Jatengvox.com – Upaya pengendalian tuberkulosis (TBC) di Indonesia terus menunjukkan hasil menggembirakan. Berdasarkan data Sistem Informasi TBC (SITB) hingga Oktober 2025, tercatat sebanyak 621 ribu kasus berhasil ditemukan — setara dengan 57 persen dari estimasi nasional.
Dari jumlah tersebut, lebih dari 562 ribu pasien (90 persen) telah menjalani pengobatan, menandakan peningkatan signifikan dalam akses layanan kesehatan dan efektivitas strategi nasional penanganan TBC. Capaian ini sekaligus mencerminkan komitmen pemerintah dalam memperluas jangkauan diagnosis serta pengobatan hingga ke daerah terpencil.
Selain penemuan kasus aktif, Program Terapi Pencegahan TBC (TPT) juga mencatat lonjakan yang cukup signifikan. Hingga September 2025, lebih dari 143 ribu orang telah menjalani TPT — hampir dua kali lipat dibandingkan periode yang sama tahun sebelumnya.
Program ini menyasar individu dengan risiko tinggi tertular TBC, seperti keluarga pasien dan kelompok rentan lainnya. Tujuannya, agar penularan dapat diputus sebelum penyakit berkembang.

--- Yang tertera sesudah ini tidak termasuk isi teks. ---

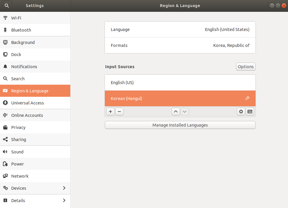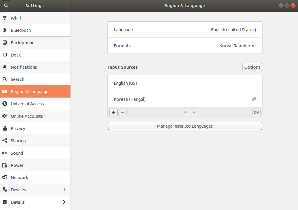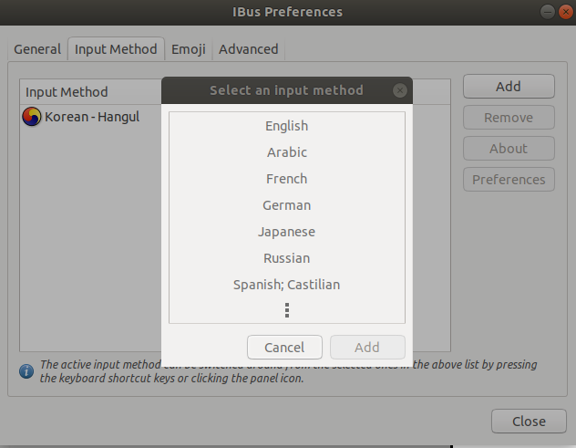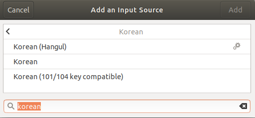 Input Method 탭 => Add 버튼을 선택=> Korean 검색=> Hangul 선택 =>Add

Wakil Menteri Kesehatan Benjamin Paulus Octavianus menuturkan bahwa pemerintah kini memperkuat sistem pemantauan berbasis digital di lebih dari 7.000 puskesmas di seluruh Indonesia. “Kalau angka kasus yang ditemukan naik, itu bukan berarti penyakitnya bertambah banyak. Justru artinya kita bekerja lebih keras menemukan pasien yang sebelumnya tidak terdiagnosis,” ujarnya dalam Temu Media di Jakarta, Jumat (17/10/2025).
Menurutnya, peningkatan deteksi dini menjadi langkah penting dalam menekan penularan. “Selama kumannya masih ada dan tidak ditemukan, penularan akan terus terjadi. Karena itu, target kami tahun depan justru menemukan lebih banyak lagi — bahkan bisa sampai satu setengah juta kasus,” tambahnya.
Meski capaian membaik, penanganan TBC Resistan Obat (TBC RO) masih menjadi tantangan utama. Wakil Menteri Kesehatan Dante Saksono Harbuwono mengungkapkan bahwa tingkat keberhasilan pengobatan TBC RO baru mencapai 59 persen, angka yang dinilainya masih perlu ditingkatkan.
Menurutnya, tantangan terbesar bukan hanya pada obat, tetapi juga pada kesiapan tenaga kesehatan di lapangan. “Keberhasilan pengendalian TBC RO sangat ditentukan oleh kemampuan dokter, perawat, dan tenaga farmasi dalam mendiagnosis, mengobati, dan mendampingi pasien hingga akhir terapi,” ujarnya.
Ia menekankan pentingnya pelatihan berkelanjutan bagi tenaga medis, serta dukungan logistik dan sistem rujukan yang lebih efisien agar pasien tidak terputus di tengah pengobatan.